Forbes.SD <- group_by(Forbes, Sector)
Forbes.SD <- summarise(Forbes.SD, stnd_dev = sd(ProfMgn, na.rm= TRUE))
Forbes.SD <- arrange(Forbes.SD, desc(stnd_dev))
# Do not modify the following code:
knitr::kable(Forbes.SD, format = "markdown")
| Sector | stnd_dev |
|---|---|
| Financials | 7.5349304 |
| Consumer Discretionary | 2.0406190 |
| Utilities | 0.4912375 |
| Telecommunication Services | 0.4698143 |
| Information Technology | 0.2303487 |
| Industrials | 0.1611717 |
| Materials | 0.1566098 |
| Health Care | 0.1488790 |
| Consumer Staples | 0.1282274 |
| Energy | 0.1089204 |
The sector that has the greatest standard deviation is Financials, as was estimated, with a standard deviation of 7.53. Based on the previous graph, Financials has one large outlier, which could describe why the standard deviation is so much larger for Financials than any of the other sectors in this dataset.
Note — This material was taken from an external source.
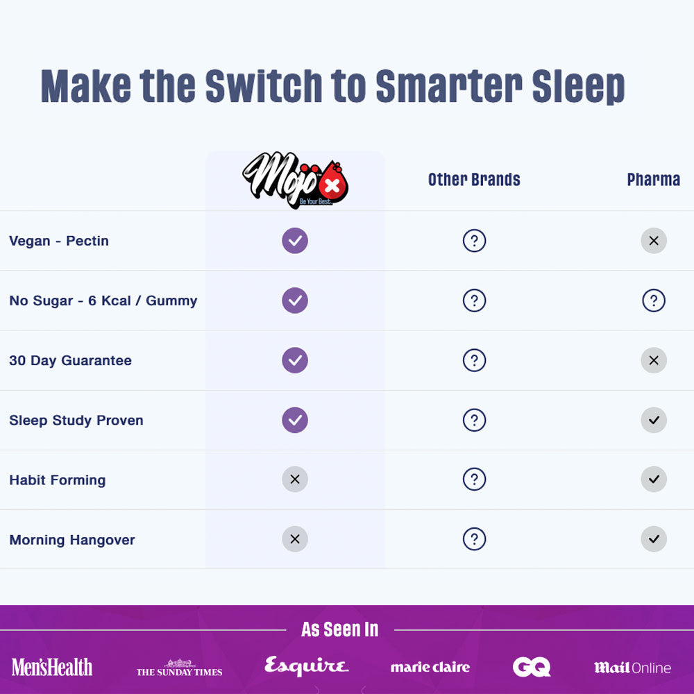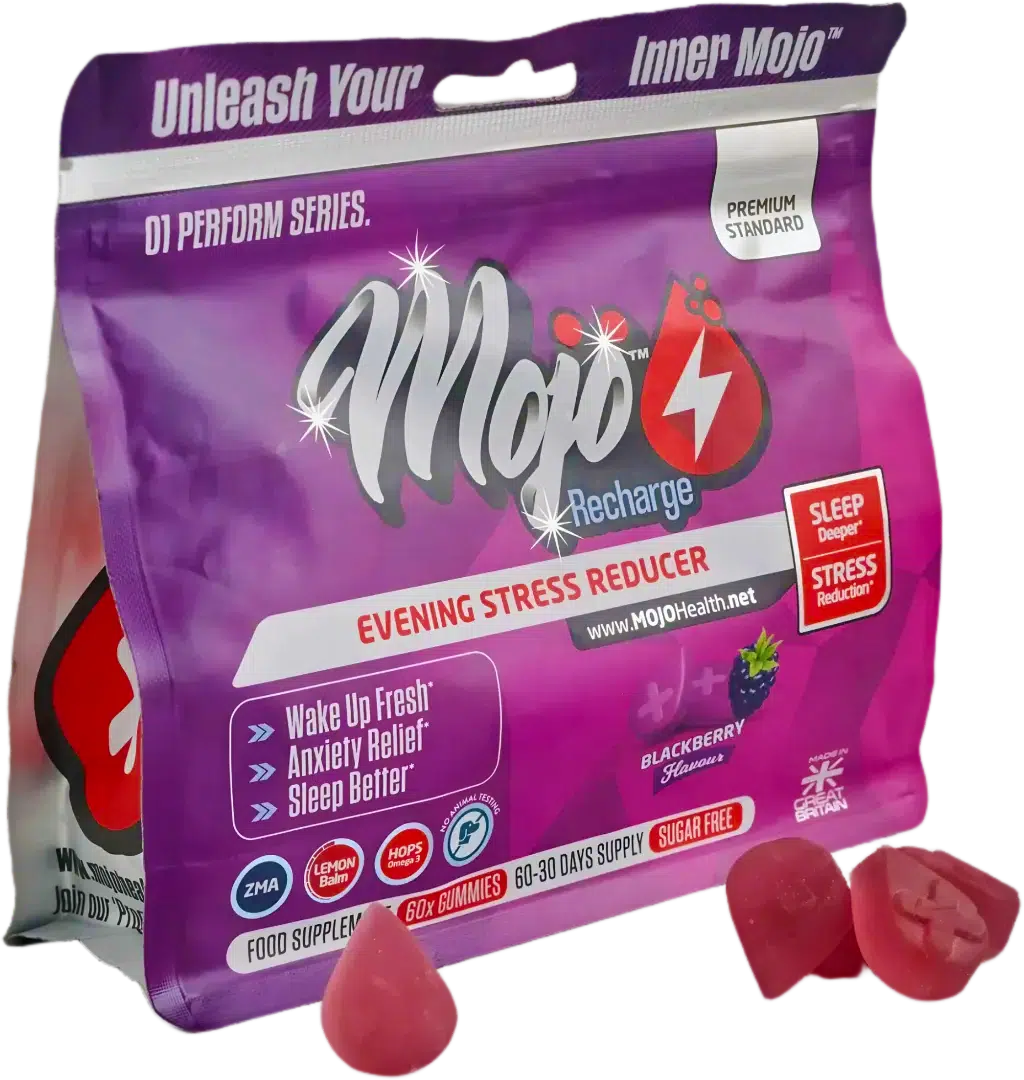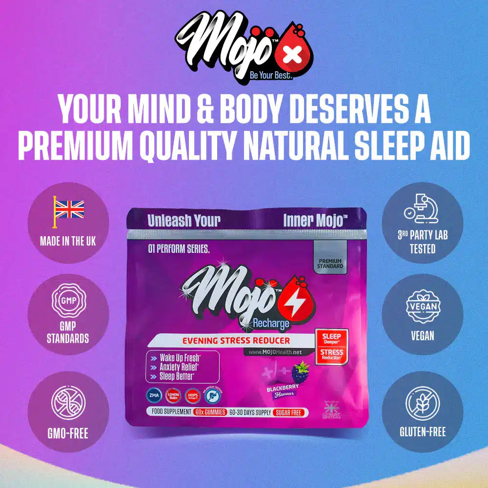 MOJO™ Recharge Sleep Gummies combine Melatonin, L-tryptophan, L-Theanine, Chamomile, Hops, and Valerian to promote restful sleep, reduce anxiety, and improve mood. 🌿 These gummies support deep, uninterrupted sleep, enhance cognitive function, and help you wake up feeling refreshed and energised. 💪 With a gentle, non-drowsy formula, they are perfect for nightly use. 🌟

Consumer Discretionary has the second highest standard deviation, with 2.04. The graph also showed that Cosnumer Discretionary has an outlier, although it’s not as large as the outlier for Financials. The remaining sectors all have a standard deviation less than 1, which indicates that datapoints are clustered around the mean of each sector.